## [Problem description]
Transcribe exactly, and without pictures, only the lines from the one bearing "メディアグループ融合力?伝播" through the final line of the data below.

## [Records supplied]

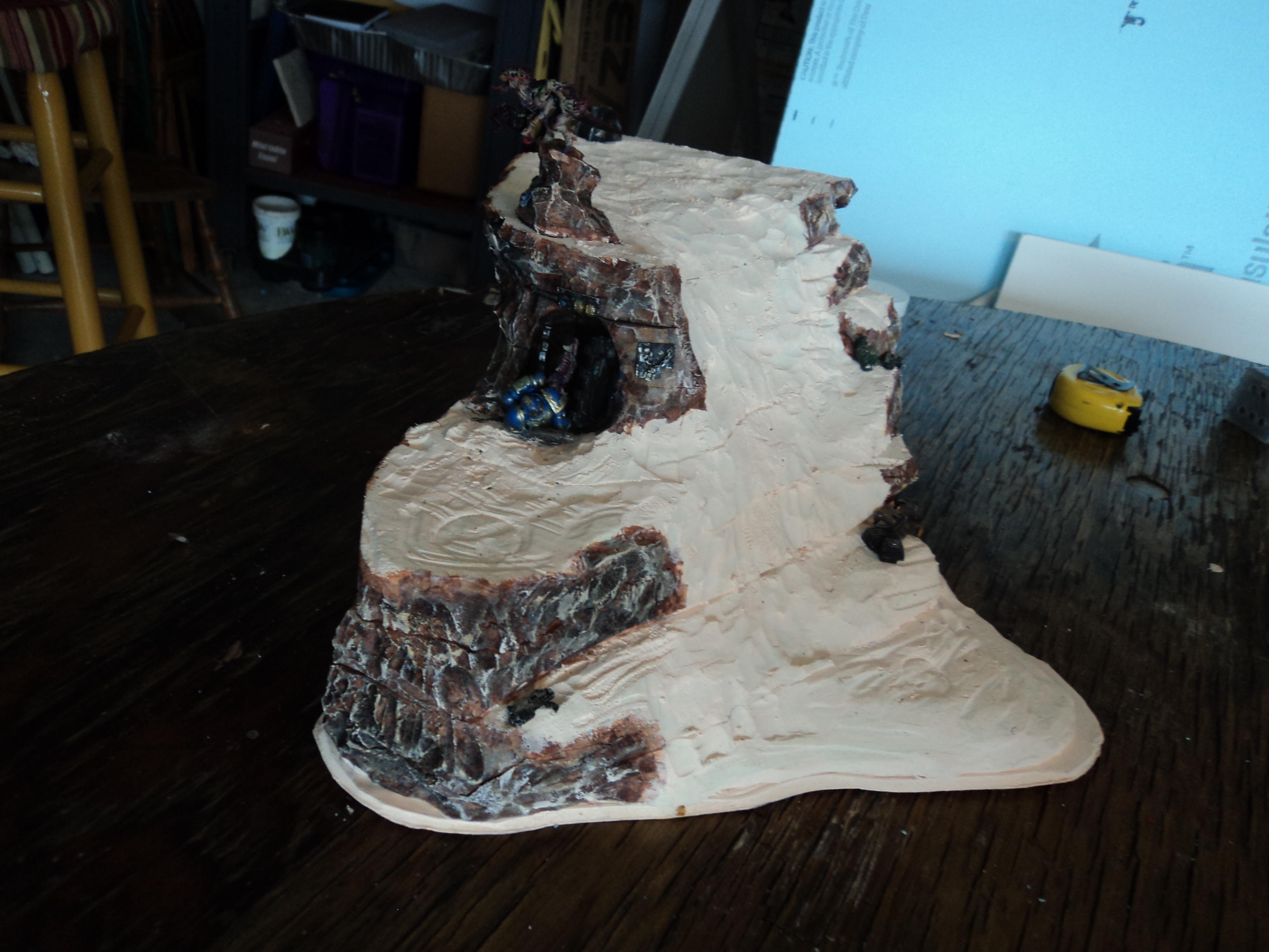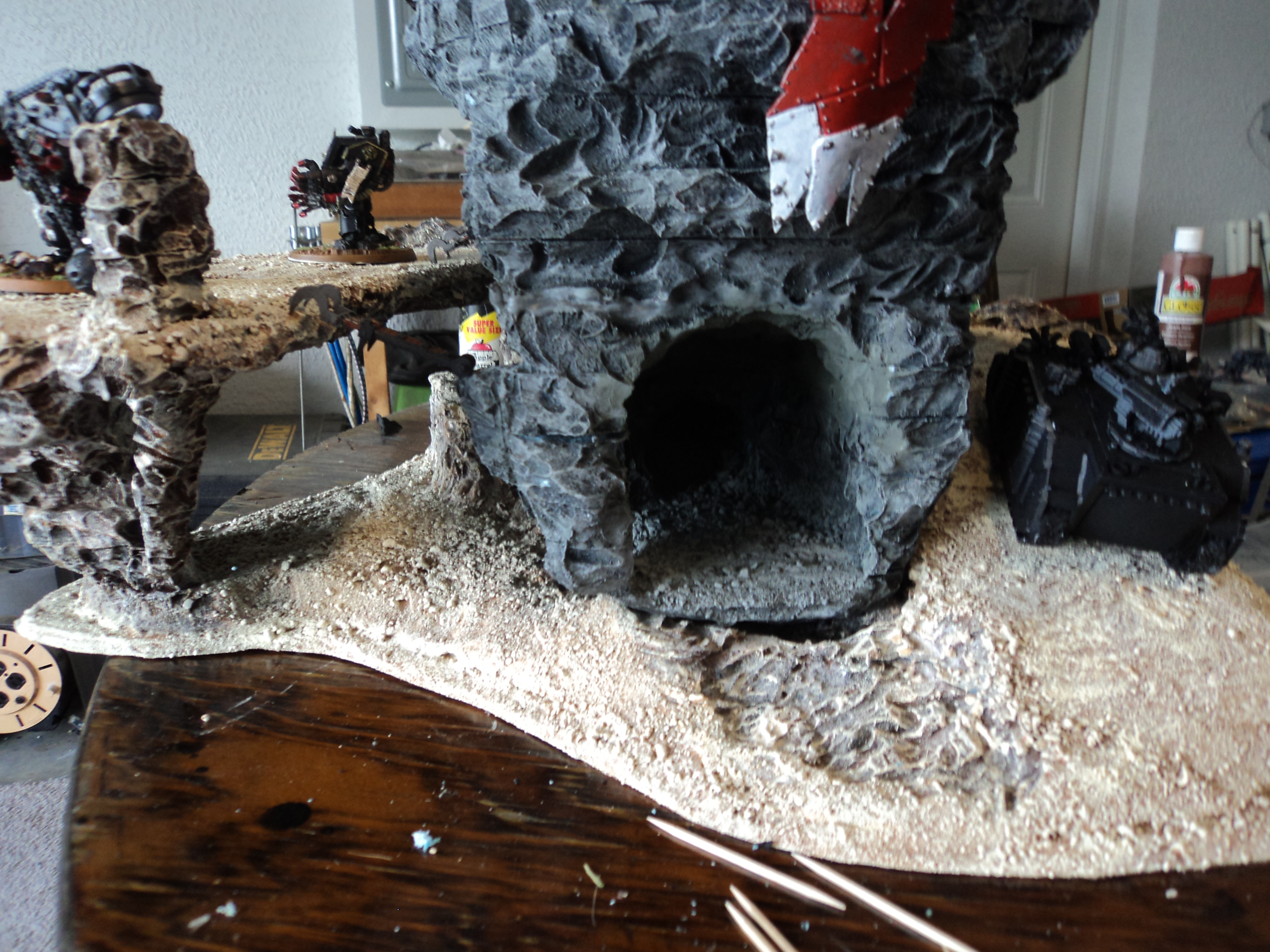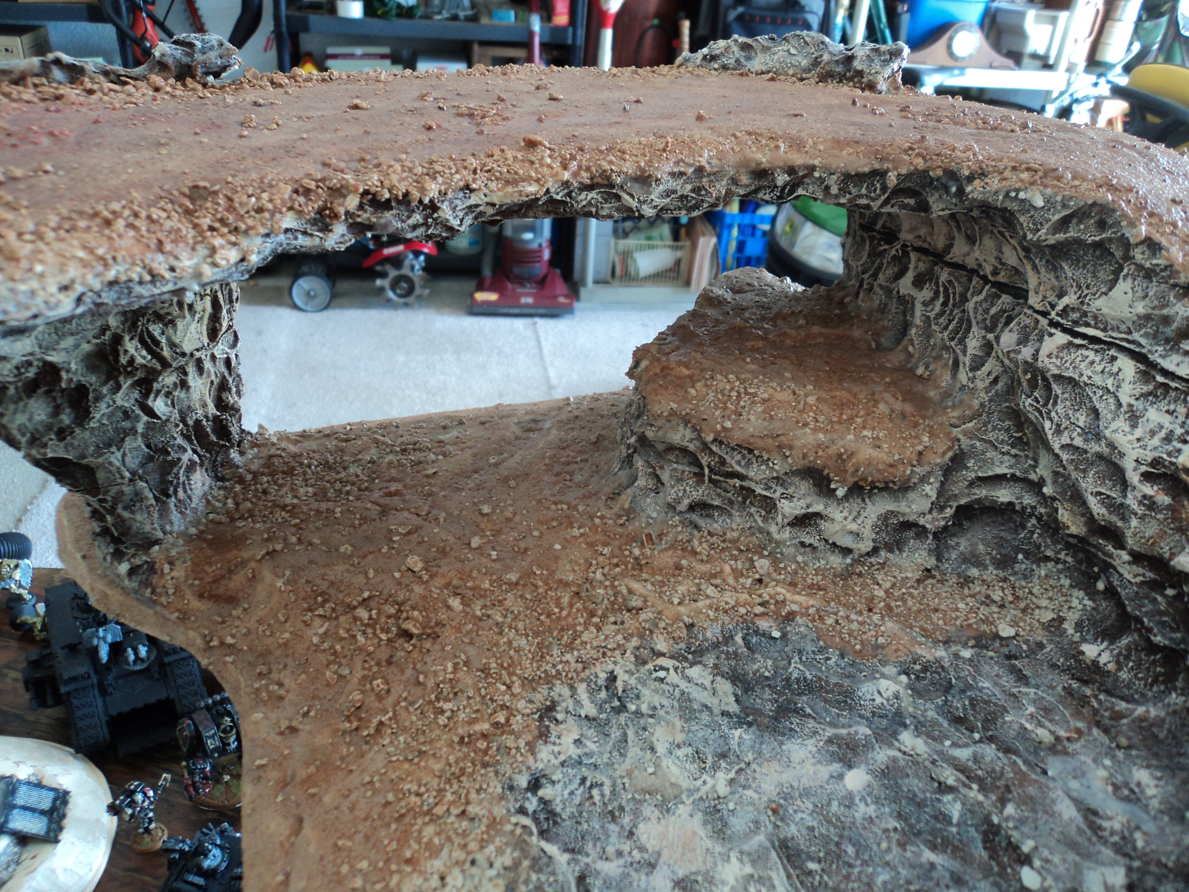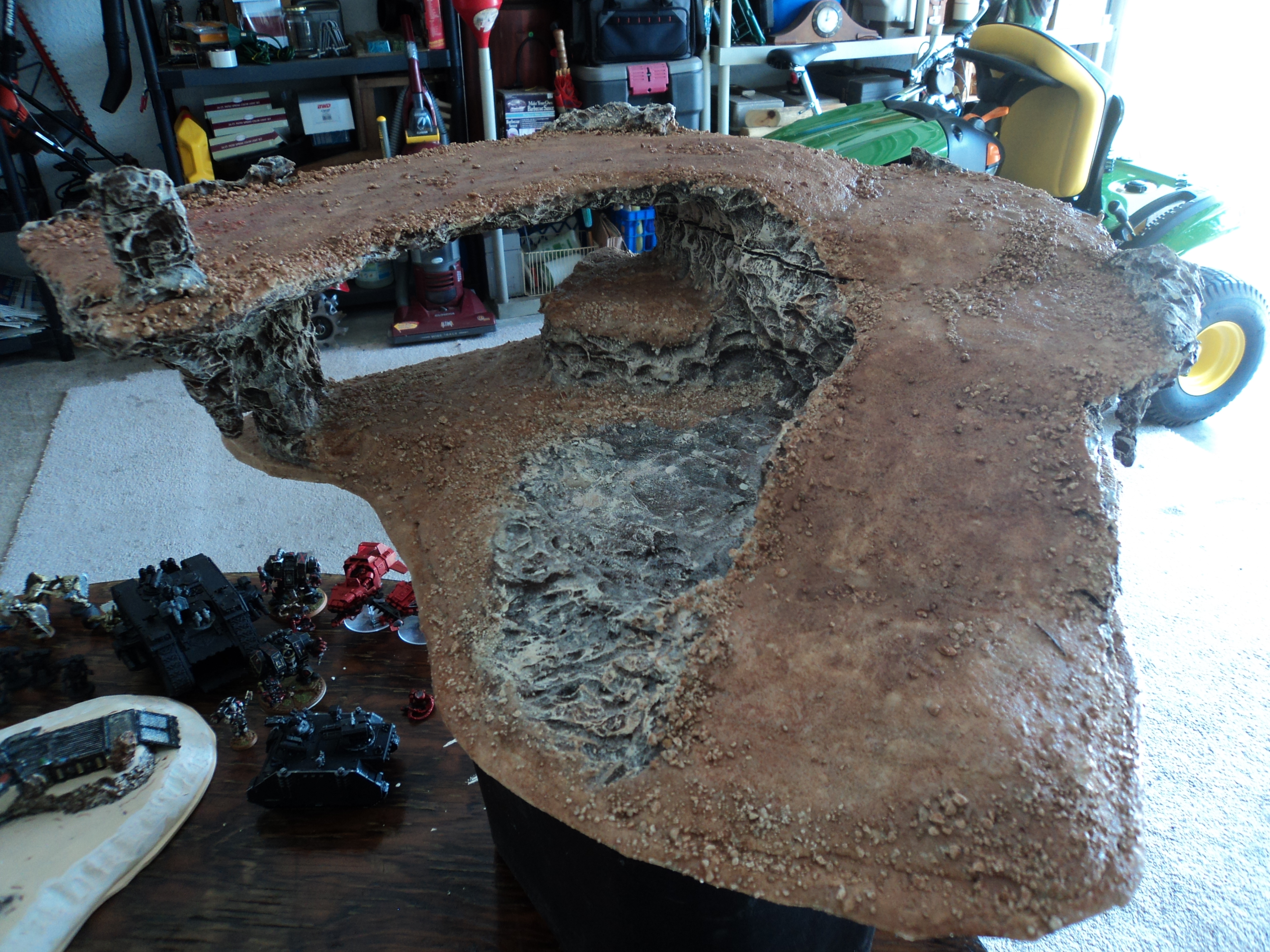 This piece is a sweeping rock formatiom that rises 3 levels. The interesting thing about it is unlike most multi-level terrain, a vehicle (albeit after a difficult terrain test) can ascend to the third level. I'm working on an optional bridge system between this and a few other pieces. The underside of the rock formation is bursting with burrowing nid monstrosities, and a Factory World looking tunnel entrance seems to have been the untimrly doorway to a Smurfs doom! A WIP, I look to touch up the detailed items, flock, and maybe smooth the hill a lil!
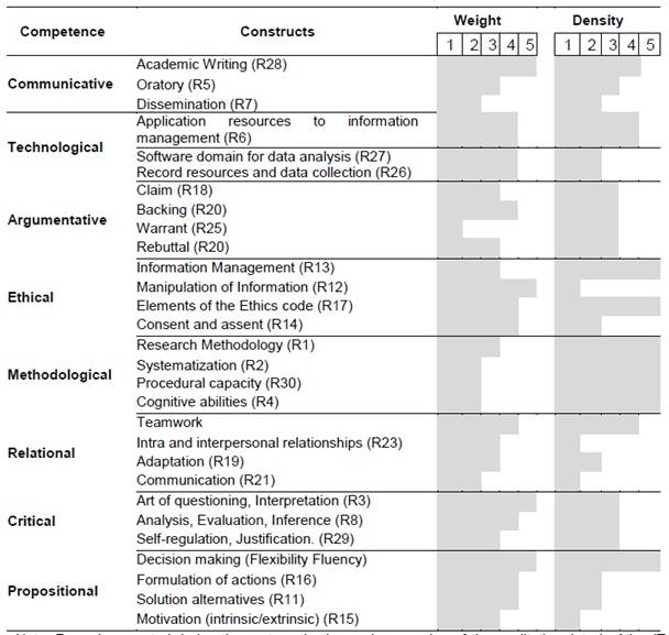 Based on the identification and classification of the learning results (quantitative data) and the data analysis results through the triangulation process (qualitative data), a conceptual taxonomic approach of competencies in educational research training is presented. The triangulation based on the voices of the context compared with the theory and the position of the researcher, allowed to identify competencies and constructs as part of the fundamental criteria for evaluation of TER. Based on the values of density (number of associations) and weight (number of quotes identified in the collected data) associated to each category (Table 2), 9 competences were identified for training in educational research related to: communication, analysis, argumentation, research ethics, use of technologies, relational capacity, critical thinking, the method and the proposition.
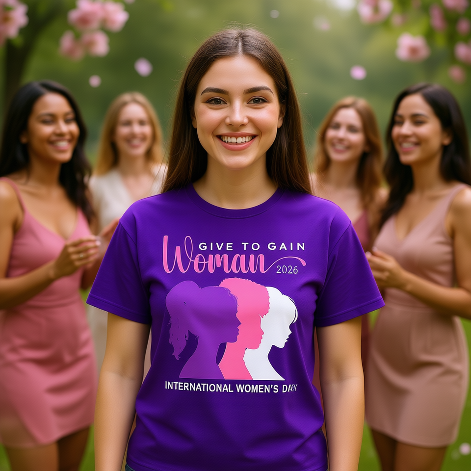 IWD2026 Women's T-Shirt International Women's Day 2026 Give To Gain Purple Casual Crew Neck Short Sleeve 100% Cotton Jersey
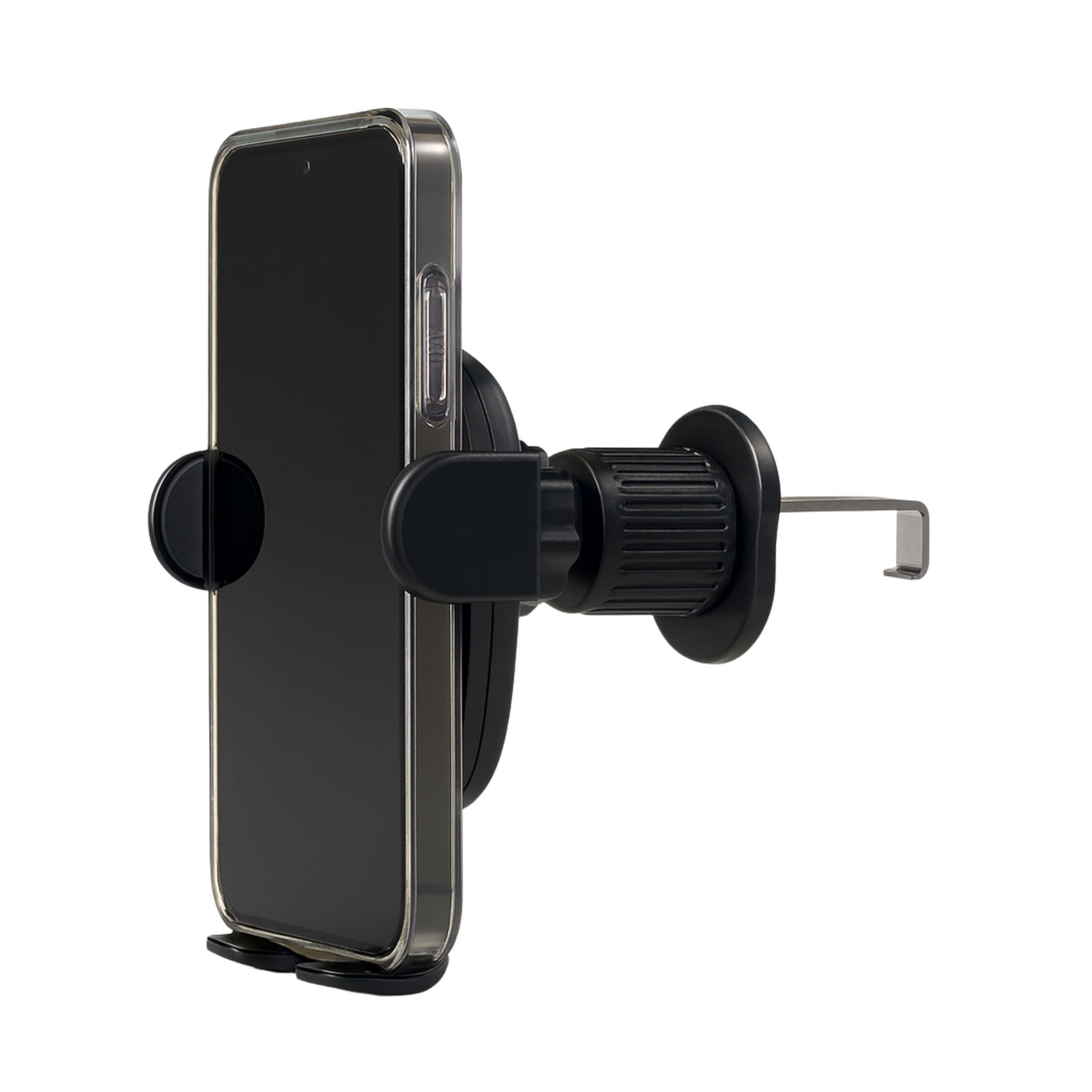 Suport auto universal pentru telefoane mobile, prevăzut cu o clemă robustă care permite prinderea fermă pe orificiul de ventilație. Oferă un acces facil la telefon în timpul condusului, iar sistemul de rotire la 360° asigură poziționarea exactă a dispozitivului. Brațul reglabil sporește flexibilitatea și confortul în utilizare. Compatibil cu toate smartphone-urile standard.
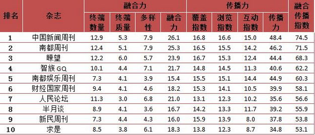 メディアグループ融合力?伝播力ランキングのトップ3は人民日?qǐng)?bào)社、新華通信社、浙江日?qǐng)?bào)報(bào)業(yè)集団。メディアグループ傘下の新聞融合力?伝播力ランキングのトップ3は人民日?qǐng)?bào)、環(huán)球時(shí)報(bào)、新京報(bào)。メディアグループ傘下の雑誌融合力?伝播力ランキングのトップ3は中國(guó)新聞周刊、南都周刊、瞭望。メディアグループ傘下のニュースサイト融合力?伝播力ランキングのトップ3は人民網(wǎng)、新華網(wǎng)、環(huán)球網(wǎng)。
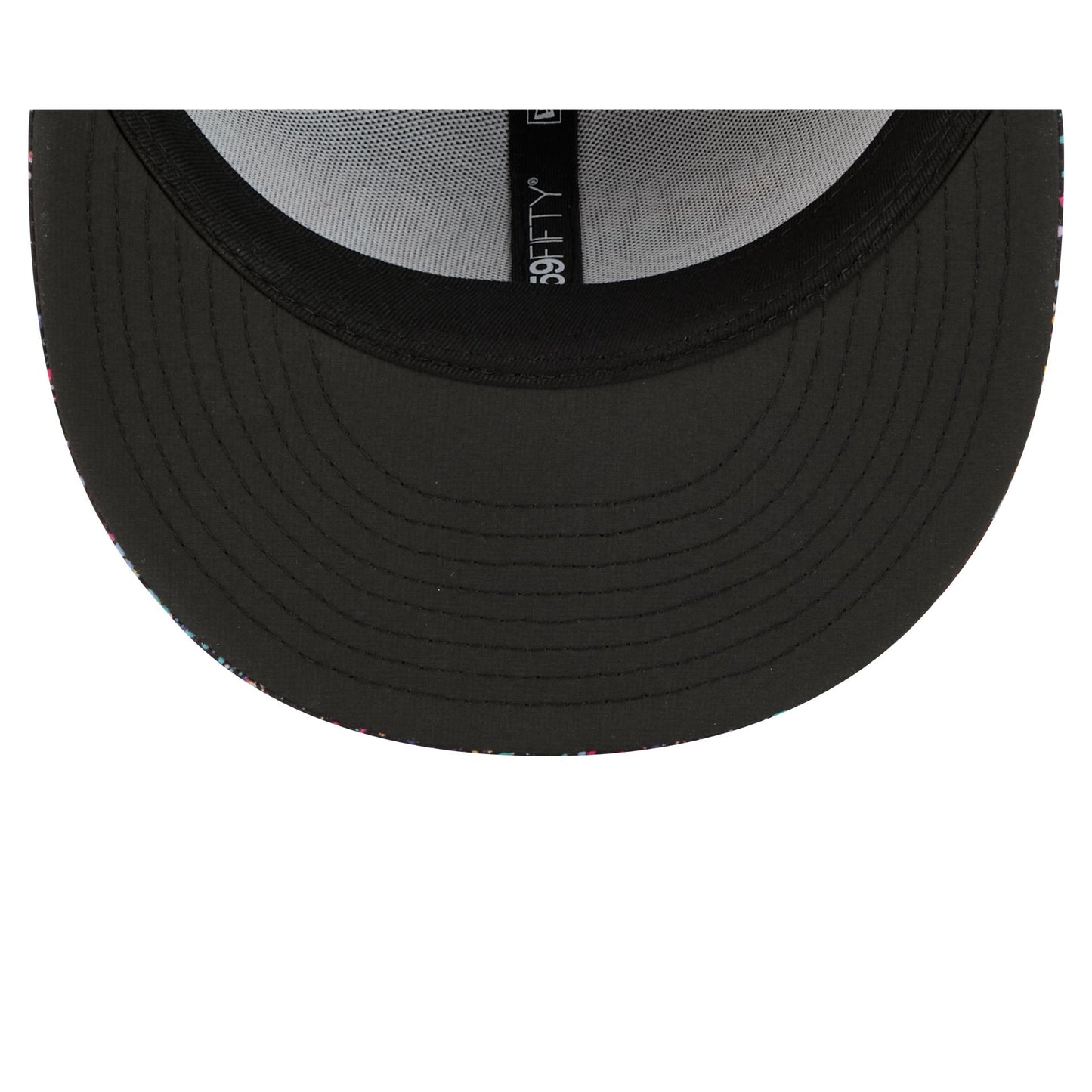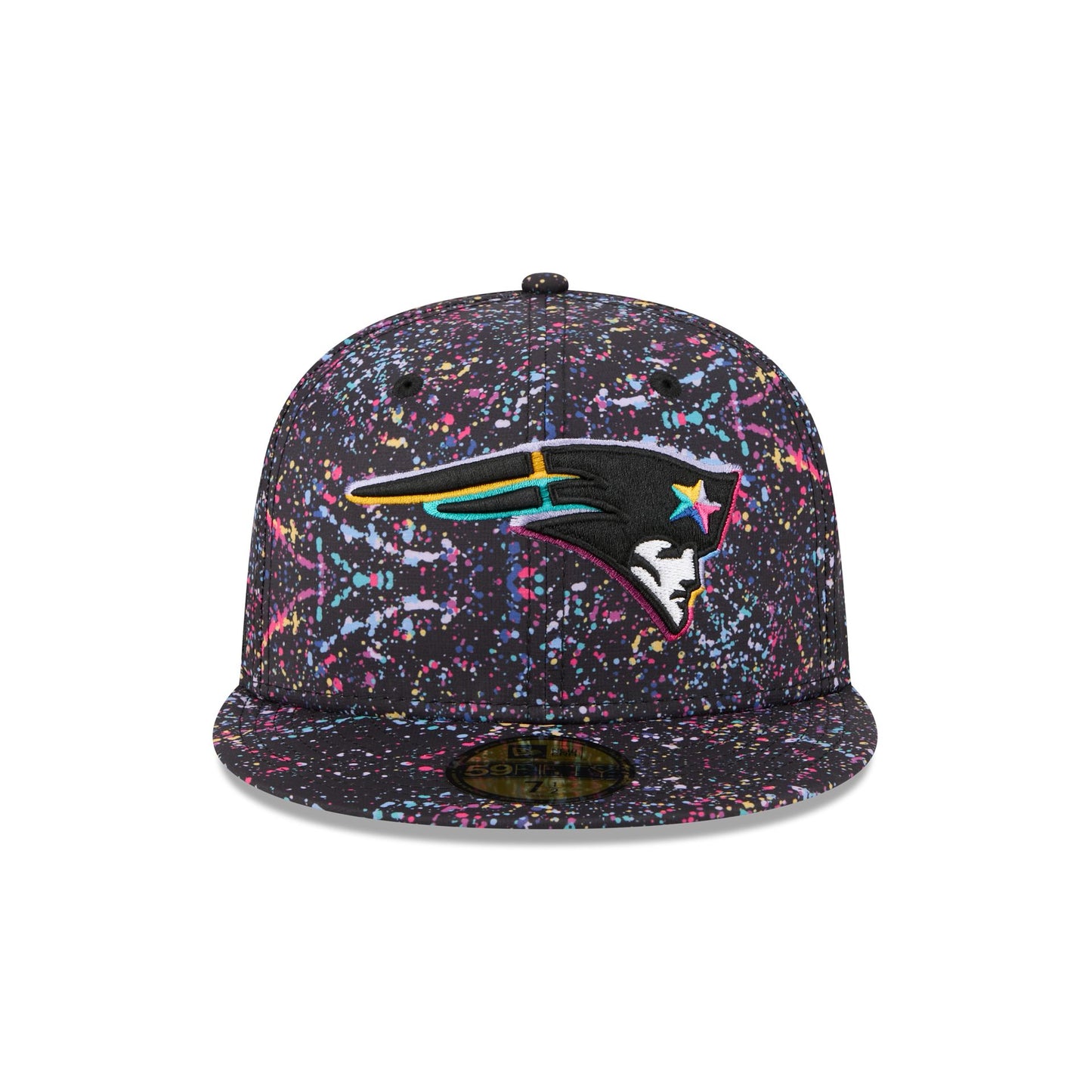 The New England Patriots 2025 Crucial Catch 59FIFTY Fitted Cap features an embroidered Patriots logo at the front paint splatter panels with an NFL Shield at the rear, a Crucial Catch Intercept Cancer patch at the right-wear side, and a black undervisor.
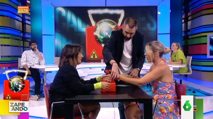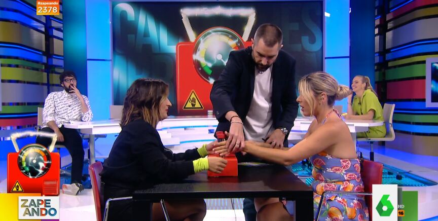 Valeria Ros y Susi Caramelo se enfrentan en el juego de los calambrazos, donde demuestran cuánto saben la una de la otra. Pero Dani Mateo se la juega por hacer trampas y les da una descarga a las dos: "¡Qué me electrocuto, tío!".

## [Solution for this task]
 メディアグループ融合力?伝播力ランキングのトップ3は人民日?qǐng)?bào)社、新華通信社、浙江日?qǐng)?bào)報(bào)業(yè)集団。メディアグループ傘下の新聞融合力?伝播力ランキングのトップ3は人民日?qǐng)?bào)、環(huán)球時(shí)報(bào)、新京報(bào)。メディアグループ傘下の雑誌融合力?伝播力ランキングのトップ3は中國(guó)新聞周刊、南都周刊、瞭望。メディアグループ傘下のニュースサイト融合力?伝播力ランキングのトップ3は人民網(wǎng)、新華網(wǎng)、環(huán)球網(wǎng)。
 The New England Patriots 2025 Crucial Catch 59FIFTY Fitted Cap features an embroidered Patriots logo at the front paint splatter panels with an NFL Shield at the rear, a Crucial Catch Intercept Cancer patch at the right-wear side, and a black undervisor.
 Valeria Ros y Susi Caramelo se enfrentan en el juego de los calambrazos, donde demuestran cuánto saben la una de la otra. Pero Dani Mateo se la juega por hacer trampas y les da una descarga a las dos: "¡Qué me electrocuto, tío!".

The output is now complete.